Jak przypomina RPO, art. 13 Kc opiera się na archaicznej terminologii: „choroba psychiczna” i „niedorozwój umysłowy”. Pojęcie „choroby psychicznej” nie występuje już w światowych klasyfikacjach chorób. Zastąpiono je zaburzeniem psychicznym. Termin „niedorozwój umysłowy” zarzucono jako nieprecyzyjny, stygmatyzujący i niepoprawny. Obecnie stosuje się termin „niepełnosprawność intelektualna”. - Dalsza obecność w przepisach prawa terminów, funkcjonujących obecnie nie jako terminy medyczne, lecz jedynie jako inwektywy, narusza godność nie tylko tych obywateli, których dotyczy wniosek o ich ubezwłasnowolnienie, lecz także wszystkich osób, dotkniętych przypadłościami niepełnosprawności intelektualnej czy psychicznej - podkreśla Rzecznik.

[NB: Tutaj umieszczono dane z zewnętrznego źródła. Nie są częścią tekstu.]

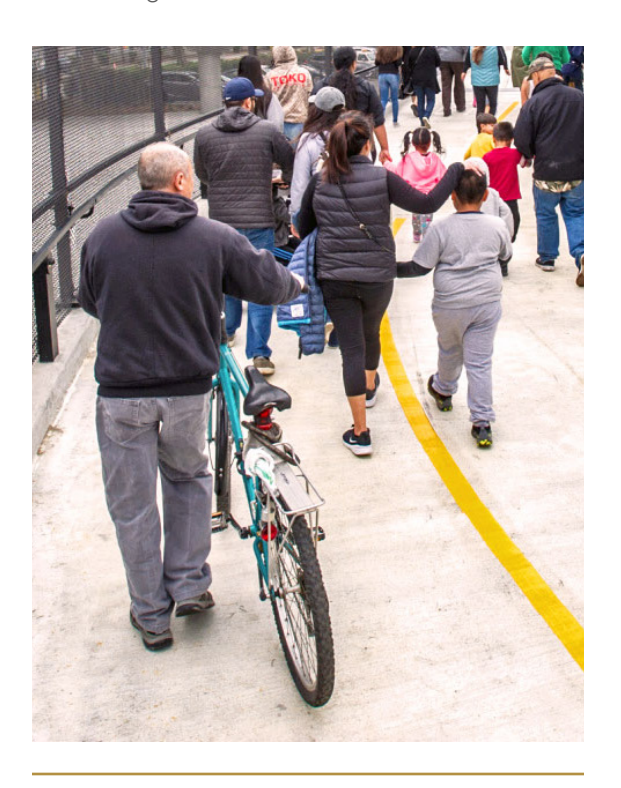
Photo 3: Pedestrians and cyclists crossing the Clarke Avenue Highway 101 overcrossing for the first time in 2019.

Czytaj: Ubezwłasnowolnienie - będą zmiany w prawie>>

Głęboka ingerencja w prawa i wolności

Zdaniem RPO ubezwłasnowolnienie całkowite bardzo głęboko ingeruje w wolność człowieka we wszystkich jej aspektach. Wszystkie decyzje są podejmowane przez opiekuna, bez udziału osoby ubezwłasnowolnionej, a jedynie – w ważniejszych sprawach – za zezwoleniem sądu opiekuńczego. - W związku z tym instytucja ubezwłasnowolnienia całkowitego bez wątpienia dotyka kwestii wolności osoby i wchodzi w zakres zastosowania artykułu 31 ust. 1 Konstytucji (mówi on, kiedy dopuszczalne są ograniczenia wolności) - czytamy w wystąpieniu.
Zdaniem Rzecznika, ubezwłasnowolnienie całkowite – z uwagi na swoją niekonieczność i nieproporcjonalność  – nie służy realizacji żadnych z wartości wymienianych w art. 31 ust. 3 Konstytucji.  Nie prowadzi ono bowiem do skutków zamierzonych przez ustawodawcę, a tym samym nie jest racjonalne, ani przydatne.